Motivation: Fusion transcripts can be created as a result of genome rearrangement in cancer. Some of them play important roles in carcinogenesis, and can serve as diagnostic and therapeutic targets. With more and more cancer genomes being sequenced by next-generation sequencing technologies, we believe an efficient tool for reliably identifying fusion transcripts will be desirable for many groups.
Results: We designed and implemented an open-source software tool, called FusionHunter, which reliably identifies fusion transcripts from transcriptional analysis of paired-end RNA-seq. We show that FusionHunter can accurately detect fusions that were previously confirmed by RT-PCR in a publicly available dataset. The purpose of FusionHunter is to identify potential fusions with high sensitivity and specificity and to guide further functional validation in the laboratory.
Supplementary information:Supplementary data are available at Bioinformatics online.
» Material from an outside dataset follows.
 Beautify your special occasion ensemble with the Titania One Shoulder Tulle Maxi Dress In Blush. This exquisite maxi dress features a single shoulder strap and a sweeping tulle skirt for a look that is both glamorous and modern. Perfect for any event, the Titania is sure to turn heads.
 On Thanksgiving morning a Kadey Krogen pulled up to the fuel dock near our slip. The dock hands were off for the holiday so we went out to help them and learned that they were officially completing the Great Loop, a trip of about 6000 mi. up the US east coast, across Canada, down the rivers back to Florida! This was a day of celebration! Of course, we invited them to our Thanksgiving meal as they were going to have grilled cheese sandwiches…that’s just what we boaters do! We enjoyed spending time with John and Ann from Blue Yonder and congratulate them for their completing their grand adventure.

One of the key features observed when analyzing cancer genomes is the chromosomal abnormality. Genome arrangements could result in aberrant fusion genes, and a number of them have been found to play important roles in carcinogenesis. Different functional fusion genes have been detected in both hematological malignancies and solid tumors (Mitelman et al., 2007). Precisely identifying these fusion genes is important for developing potential diagnostic and therapeutic targets.
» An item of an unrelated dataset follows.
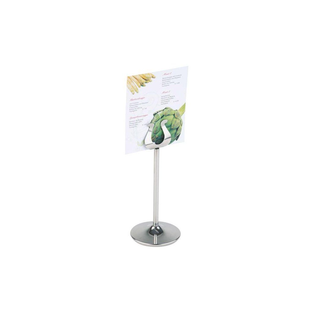 Stojan na menu vyrobený z leštenej, nerezovej ocele. Môže slúžiť ako stojan na menu alebo na číslovanie stola. Vysoká kvalita. Vhodné do umývačky riadu.Dodatočné parametre

Recently, RNA-seq has proven to be a valuable tool for transcriptome profiling based upon ultra high-throughput next-generation sequencing technologies. It has been shown that RNA-seq is a more accurate method to survey the entire transcriptome in a quantitative and high-throughput fashion than microarray technology and EST sequencing (Wang et al., 2009). RNA-seq can provide a great deal of information about genome wide transcription, including the identification of fusion genes in cancer. A number of novel fusion genes has been identified using single-end RNA-seq reads (Maher et al., 2009b) and paired-end RNA-seq reads (Berger et al., 2010; Maher et al., 2009a). The advantage of paired-end technology is that it provides a more reliable way to uncover breakpoints when comparing two genomes.
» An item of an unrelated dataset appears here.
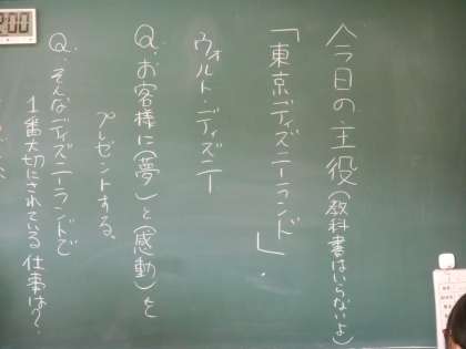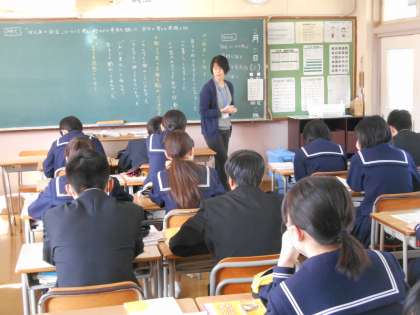 クラスごとに教材文が異なります。生徒の意見が黒板に書かれています。

However, although a computational pipeline that identifies fusion transcripts using RNA-seq has been mentioned in a number of recently published cancer transcriptomic studies (Berger et al., 2010; Maher et al., 2009a,b), there was no publicly accessible, open-source software available until a recently published tool named FusionSeq (Sboner et al., 2010). With more and more cancer transcriptomes being sequenced by next-generation sequencing, we believe an efficient tool for reliably identifying fusion transcripts will be desirable for many groups. Here, we describe an open-source software tool, called FusionHunter, that identifies fusion transcripts in cancer, using reads from paired-end RNA-seq. This high-throughput software tool is designed for efficient and precise detection of fusion transcripts in cancer for further functional validation in the laboratory.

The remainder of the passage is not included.